Alert reader and Slate contributor Emily Yoffe writes to correct my too-short list of serial fabricators; she suggests USA Today’s Jack Kelley as a worthy addition. She also corrects my earlier assertion that no fabricator had ever interfered in an ongoing criminal investigation. Emily writes, “Jayson Blair came down to DC in the middle of the sniper shootings and started making stuff up about the investigation. … The prosecutors ended up having a press conference to denounce one Blair story as a total lie, but because they refused to say what was actually going on inside their office, the Times, for a time, took it as confirmation of Blair’s superpowers.”

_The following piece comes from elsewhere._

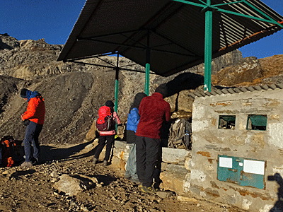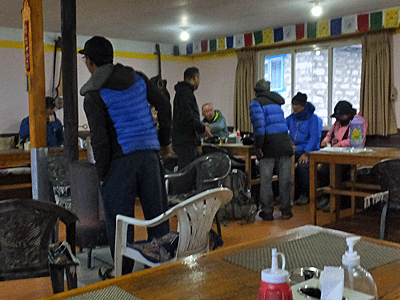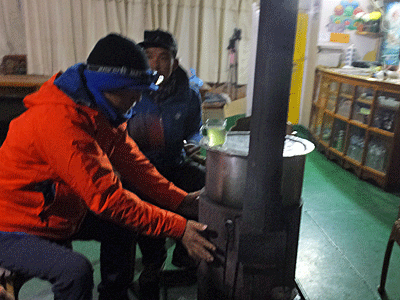 | 今日はロングコース ゴーキョピークと同じくらいの標高の レンジョパスを越えて 下って下って「ルンデン」まで歩く予定 約9時間くらいかかるらしい 4:40頃、ストーブは火が入ったばかり |

I want to thank Emily for correcting my mistakes so promptly (does she do that to you, too?). She also makes an interesting point about what could be Templeton’s undoing: “Don’t you think that Templeton laid his own trap when he used the name of a random homeless guy as the terrified homeless father of four?” Yes, using the name of an actual live person for a fictional character did seem dumb. On the other hand, do we really think that Templeton will get caught? Hasn’t David Simon made it abundantly clear that evil has triumphed at the Baltimore Sun? Templeton will probably end up winning the Pulitzer.

By the way, David, I’ve noticed very little commentary from you of late on the Sun subplot. Do you secretly love it and not want to share that fact with me?